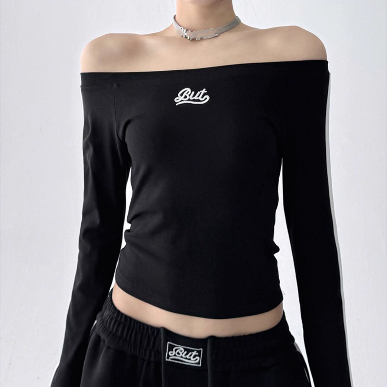 肩を大胆に見せるオフショルダーデザインが魅力のロングスリーブトップス。
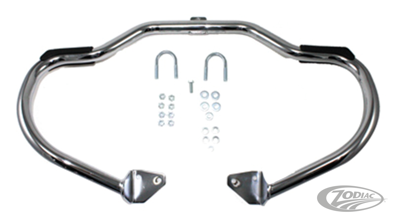 These heavy gauge highway bars are 1 1/4" (32mm) in diameter and feature mandrel bends, a show chrome or black finish and footrest rubbers.
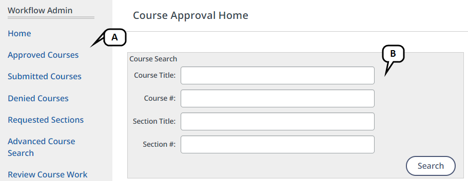 - Workflow Admin Menu - Click a menu option to locate and view courses in the approval workflow.
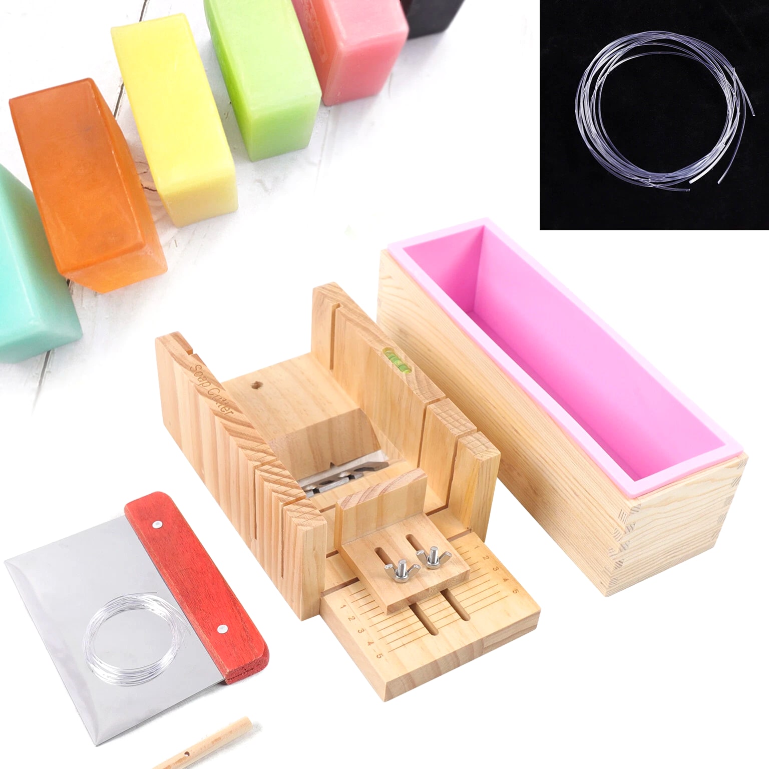 3 Pcs Soap Making Tool Kit Loaf Soap Mould Adjustable Wooden Soap Cutter Slicer Description: Name: Soap cutter set Style: modern and simple Process: grinding, polishing Specification: 3 pcs set Material: wood+silicone+stainless steel Product Size: Wooden mold box: 9.6"*2"*2.8" Wooden Soap cutter Mold: 10.8"*3.5"*5" Straight knife: 5.9"*4.3" Function: used to make handmade soap candles, cakes, etc. Applicable occasions: holidays, weddings, birthdays, full moons, travel commemorations, graduations, parties, etc. Features: 1. Multifunctional: suitable for cutting soap and candles 2. The surface of the accessories is smooth and easy to clean 3. Adjustable thickness: clear scale reading, you can adjust the thickness of soap, easy to observe during operation, easy to get the correct soap size you need. 4. High quality and easy to clean: made of exquisite solid wood and food grade stainless steel, safe high temperature resistance, corrosion resistance, long service life Tips: When you start to make soap, insert the silicone mold into the wood box. Pour liquid soap into the silicone mold. After the liquid soap hardens, remove the silicone mold and take out the soap. Use wire cutter when the soap is still slightly soft. Packing list: 1*Wooden box with silicone container 1*Wooden Soap cutter Mold 1*Straight knife Packing size: 29*17*13cm/11.4"*2.7"*5.2" Package weight: 1.35kg/3lb
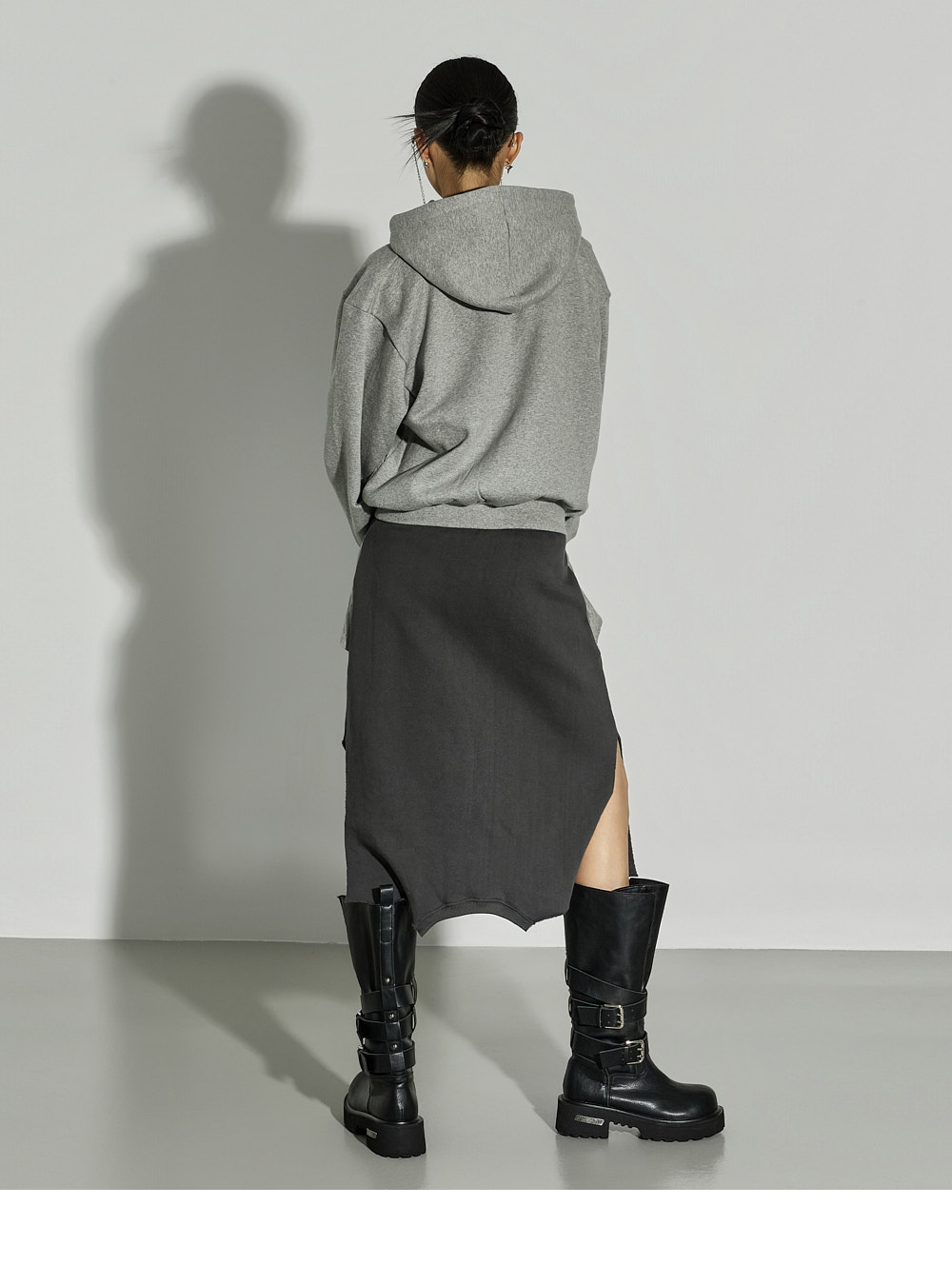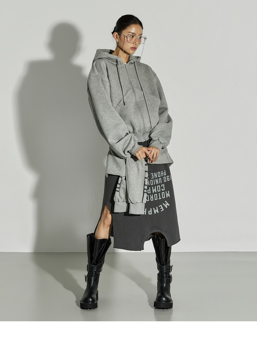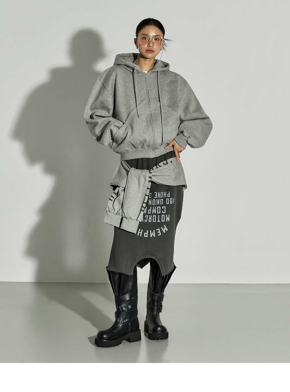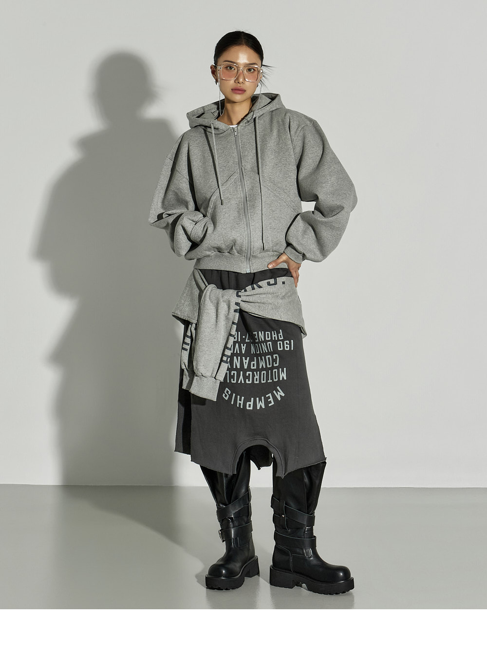 这是一款休闲风格的绑带叠层半裙。 采用棉与聚酯纤维混纺面料制作,穿着舒适且稳固,内侧带绒里增强保暖性,适合冬季穿搭,实用性高。 腰部全松紧设计,穿着轻松自在,下摆自然裁切,并搭配不对称裙摆设计,呈现独特轮廓。 侧开衩提升活动性,绑带细节如同双袖设计,可多样化搭配,营造叠穿感般的时尚亮点。 与宽松针织衫、连帽衫或oversize外套搭配,即可打造时尚休闲造型。 模特身高171CM,穿着ONE尺寸,颜色为CHARCOAL。
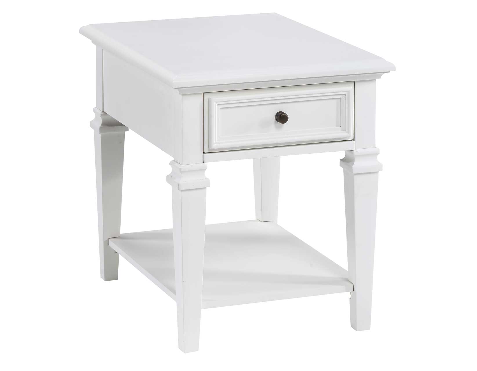 Modern farmhouse design in a compact design that fits comfortably beside a chair or as a companion piece to a Sofa and Loveseat. This Charlestown table offers looks and function with a pop-up power strip that offers convenient recharging of devices with a built-in USB recharging station. All of this is a crisp white finish with louvered doors and contemporary bun foot in a transitional package that will fit in any room.
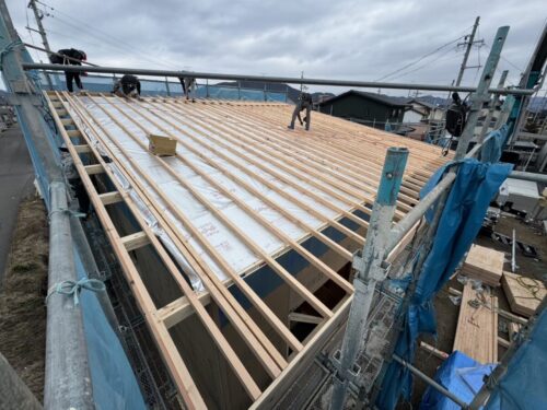 雪がチラつく中、大工さん達は脚元に気をつけながらの作業を進めます。
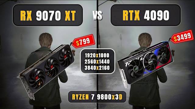 RX 9070 XT vs RTX 4090 | Price Difference 😮 | 1080P, 1440P, 4k | RT + DLSS & FSR 4 | 9800x3D RX 9070 XT vs RTX 5070 Ti: https://youtu.be/xDyu2g2jlxE RTX 5070 Ti vs 4070 Ti SUPER: https://youtu.be/DTo79-Ubi1Y =======(Timestamps)======= 0:00 Hardware Proof... 0:43 Raw Performance (1080p, 1440p, 2160p) 0:46 Horizon Forbidden West - 1080P 1:25 Horizon Forbidden West - 1440P 1:55 Horizon Forbidden West - 4K 2:25 Indiana Jones and TGC - 1080P 3:09 Indiana Jones and TGC - 1440P 2:39 Indiana Jones and TGC - 4K 4:09 Ghost Of Tsushima - 1080P 4:51 Ghost Of Tsushima - 1440P 5:21 Ghost Of Tsushima - 4K 5:51 God Of War Ragnarok - 1080P 6:30 God Of War Ragnarok - 1440P 7:00 God Of War Ragnarok - 4K 7:30 Alan Wake 2 - 1080P 8:08 Alan Wake 2 - 1440P 8:38 Alan Wake 2 - 4K 9:08 Cyberpunk 2077 - 1080P 9:58 Cyberpunk 2077 - 1440P 10:28 Cyberpunk 2077 - 4K 10:58 Hellblade 2 - 1080P 11:36 Hellblade 2 - 1440P 12:06 Hellblade 2 - 4K 12:36 The Last Of Us - 1080P 13:20 The Last Of Us - 1440P 13:50 The Last Of Us - 4K 14:20 Starfield - 1080P 14:58 Starfield - 1440P 15:28 Starfield - 4K 15:58 Silent Hill 2 Remake - 1080P 16:38 Silent Hill 2 Remake - 1440P 17:08 Silent Hill 2 Remake - 4K 17:38 S.T.A.L.K.E.R 2 - 1080P 18:24 S.T.A.L.K.E.R 2 - 1440P 18:54 S.T.A.L.K.E.R 2 - 4K 19:24 RayTracing Comparison 19:27 Alan Wake 2 - 1440p/RT/FSR4/DLSS 20:05 Silent Hill 2 Remake - 1440P/RT/FSR/DLSS 20:44 Silent Hill 2 Remake - 4K/RT/FSR/DLSS 21:23 Cyberpunk 2077 - 1440p/RT/FSR/DLSS 22:05 Cyberpunk 2077 - 4K/RT/FSR/DLSS 22:46 Cyberpunk 2077 - 4K/RT/FSR/DLSS/FG 23:26 Indiana Jones and TGC - 1440P/RT/FSR/DLSS 24:10 Thanks For Watching :) =======(MY PC SPEC)======= ◆ Mobo : Asrock x670E PG Lightning https://amzn.to/49YyKJ9 ◆ CPU : AMD Ryzen 7 9800x3D @ 5.2GHz https://amzn.to/4aTEbeC ◆ Ram : Corsair (2x16GB) 6200MHz DDR5 https://amzn.to/4dhMcLc ◆ GPU 1: Power Cooler Reaper RX 9070 XT 16GB GDDR6 Search: https://amzn.to/4hZwc1v ◆ GPU 2 : Asus Rog Strix RTX 4090 24GB GDDR6x Search: https://amzn.to/3C35EO5 ◆ OS : Windows 10 - Version 22H2 ◆ M.2 SSD : XPG 1TB GAMMIX S70 Blade Gen4 https://amzn.to/4aYv8Z2 ◆ Corsair HX1000i Fully Modular (1000w) https://amzn.to/3OxVxUg ◆ Logitech Gaming Mouse https://amzn.to/3lB3vAi No Additional cost To You. I'll earn commission on qualified purchases. Use these Links for buying and help me to earn. =======( Social Media )======= You can expect FPS Charts on my social media: - Instagram ► https://www.instagram.com/gaming_bench/ Facebook ► https://www.facebook.com/Gaming-Bench-109041743952058/ ===== For Business Inquiries: - GamingBench07477@gmail.com @PowerColorOfficial @asusrog @ASUS @NVIDIAGeForce @AMD @Gaming-AMD ===== Thanks for Watching! ===== Disclaimer: - These video games are a work of fiction. The vehicles, weapons, fighting, blood, etc. may have been adjusted to fit into these video games. All characters appearing in these games are fictitious. Any resemblance to real persons, living or dead, is purely coincidental. There is no relation between these video games with real life.

What to produce: Would you copy, word for word, only the lines above from the one containing "Modern farmhouse design" through the one containing "雪がチラつく中、大工さん達は脚元に気をつけながらの作業を進めます。", both included, and please leave out the pictures?

Expected answer:
 Modern farmhouse design in a compact design that fits comfortably beside a chair or as a companion piece to a Sofa and Loveseat. This Charlestown table offers looks and function with a pop-up power strip that offers convenient recharging of devices with a built-in USB recharging station. All of this is a crisp white finish with louvered doors and contemporary bun foot in a transitional package that will fit in any room.
 雪がチラつく中、大工さん達は脚元に気をつけながらの作業を進めます。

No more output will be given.